# TASK TO CARRY OUT
The expected answer is a verbatim transcription of the lines below, beginning with the first and ending with the line that holds "As you walk", without pictures.

# COLLECTED DATA
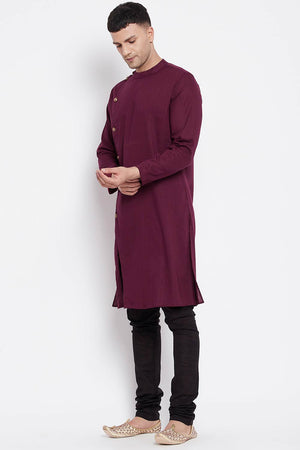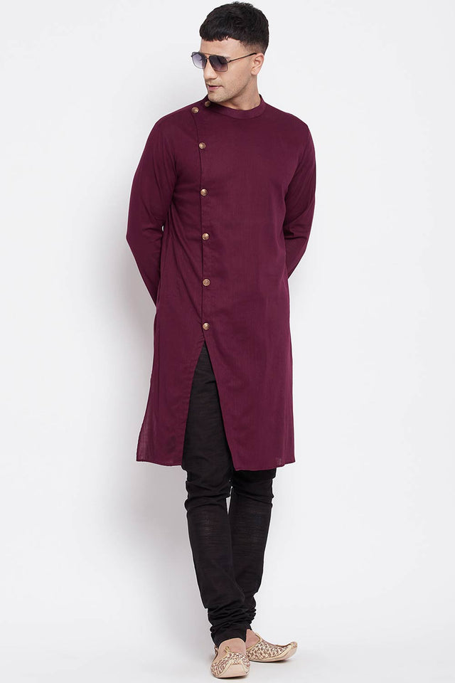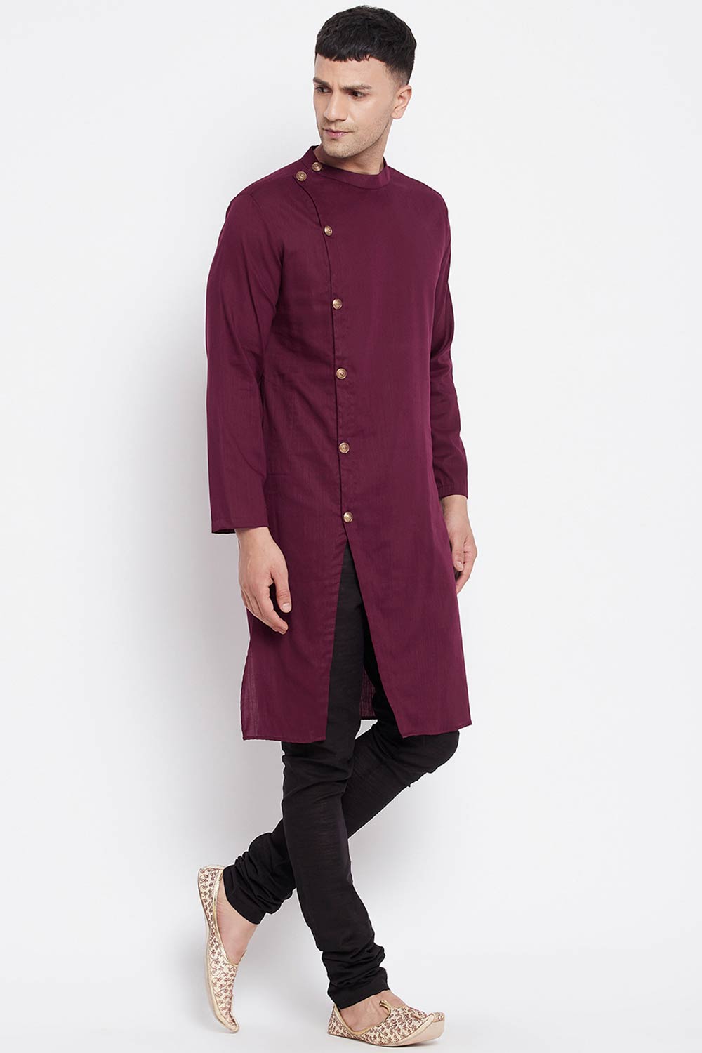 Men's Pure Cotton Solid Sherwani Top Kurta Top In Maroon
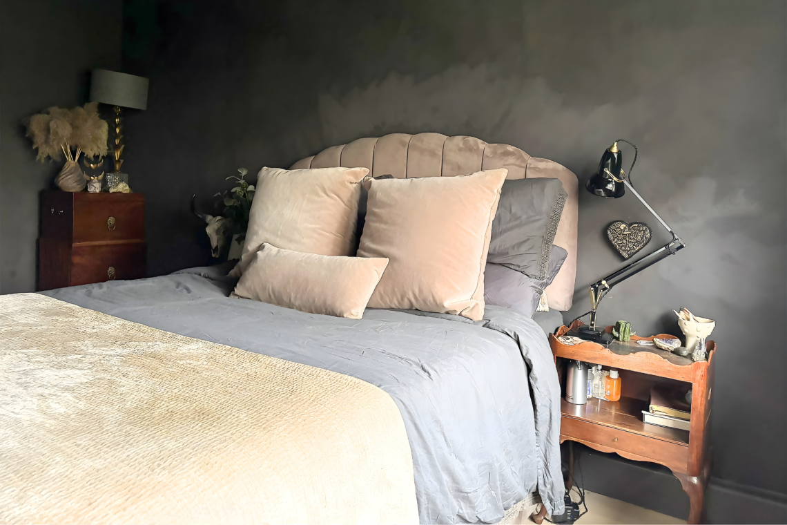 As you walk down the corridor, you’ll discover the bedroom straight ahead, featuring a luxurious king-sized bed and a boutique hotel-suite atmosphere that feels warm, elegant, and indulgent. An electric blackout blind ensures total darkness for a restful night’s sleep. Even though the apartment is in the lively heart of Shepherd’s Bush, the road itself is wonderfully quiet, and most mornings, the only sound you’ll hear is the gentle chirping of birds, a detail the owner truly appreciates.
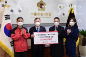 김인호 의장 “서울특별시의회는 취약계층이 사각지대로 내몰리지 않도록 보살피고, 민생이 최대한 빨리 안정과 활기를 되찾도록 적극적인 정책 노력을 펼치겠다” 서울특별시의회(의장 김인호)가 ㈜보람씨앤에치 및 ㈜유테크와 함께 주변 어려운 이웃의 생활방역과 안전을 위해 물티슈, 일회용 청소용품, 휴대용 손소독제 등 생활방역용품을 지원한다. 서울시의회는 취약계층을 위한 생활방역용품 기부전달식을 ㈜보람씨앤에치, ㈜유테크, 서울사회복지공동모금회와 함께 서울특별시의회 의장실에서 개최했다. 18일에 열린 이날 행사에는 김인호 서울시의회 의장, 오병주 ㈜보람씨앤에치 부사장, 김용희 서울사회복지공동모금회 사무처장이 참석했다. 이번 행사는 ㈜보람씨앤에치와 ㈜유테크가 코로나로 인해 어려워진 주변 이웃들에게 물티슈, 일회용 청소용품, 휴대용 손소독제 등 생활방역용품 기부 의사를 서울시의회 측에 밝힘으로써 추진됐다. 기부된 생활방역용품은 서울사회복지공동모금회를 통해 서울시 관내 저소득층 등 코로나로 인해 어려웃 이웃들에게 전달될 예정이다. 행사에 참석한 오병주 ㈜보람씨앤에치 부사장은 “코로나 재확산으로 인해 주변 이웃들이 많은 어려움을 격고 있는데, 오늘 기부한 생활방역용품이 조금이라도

# EXERCISE SOLUTION
 Men's Pure Cotton Solid Sherwani Top Kurta Top In Maroon
 As you walk down the corridor, you’ll discover the bedroom straight ahead, featuring a luxurious king-sized bed and a boutique hotel-suite atmosphere that feels warm, elegant, and indulgent. An electric blackout blind ensures total darkness for a restful night’s sleep. Even though the apartment is in the lively heart of Shepherd’s Bush, the road itself is wonderfully quiet, and most mornings, the only sound you’ll hear is the gentle chirping of birds, a detail the owner truly appreciates.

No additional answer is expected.